A few years ago, I made one of the most illogical decisions in my life, to run for a public office.  I had no political experience, a fairly average voting record, and the only political interest I may have had, was occasionally flipping through the channels on the television and occasionally catching bits and pieces of a biased “news” channel.  But something changed in 2009.

A new phase in my parental status was expected to begin following the Labor Day holiday.  But a huge cloud was hanging overhead.  It was a looming teacher labor crisis, common in school districts all over the country.  The climate was mirroring a similar contract negotation within our school district, which resulted in a strike then.  All that mattered to Wendy and I though was that it was Madison’s first year in school, and we had no other daycare options available if the teachers would go on strike.

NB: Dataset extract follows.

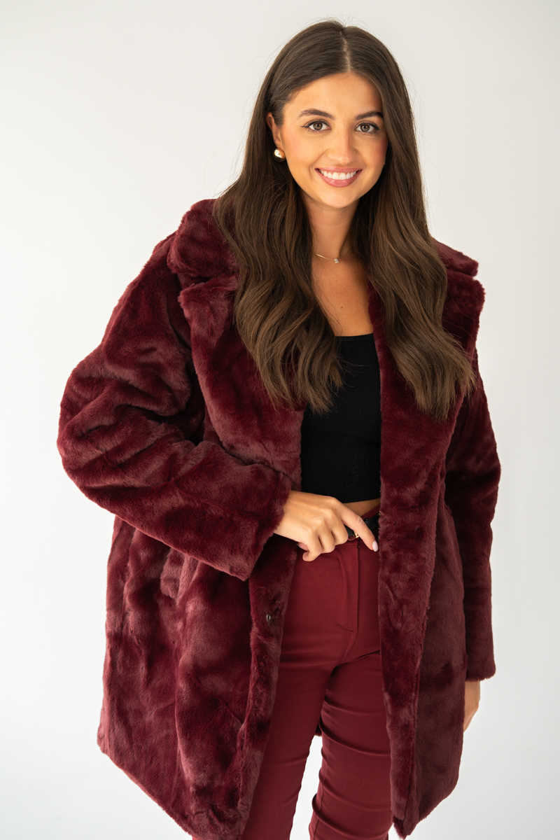 Sztuczne futro damskie długie Bordowy – Furissea

And then it happened.  The announcement was made that the teachers would go on strike.  A court order mandated that the strike had not been given proper notice and the teachers return to the classrooms.  But another walk out would occur incurring the wrath of many in the district, including myself.  All I knew was that teachers make enough and only work part of the year.  Now before I hear from anyone what a jerk I was, I know it.  Like I said, this was uncharted territory for me and I was pissed off not having a firm arrangement for Madison’s care.

The media concentration on the strike was typical.  The district presenting their opinions that the teachers were being unreasonable.  The union responded that they were frustrated by the lack of understanding and consideration by the district.  Back and forth, back and forth.  I cannot say what exactly it was that caused this emotion in me, but the school board did something I considered despicable, legal, but despicable.  The board authorized the publication of every teacher and guidance counselor’s salaries in a full page color advertisement in several local newspapers.  I was infuriated.  And just like that, my support flipped completely to the side of the teachers.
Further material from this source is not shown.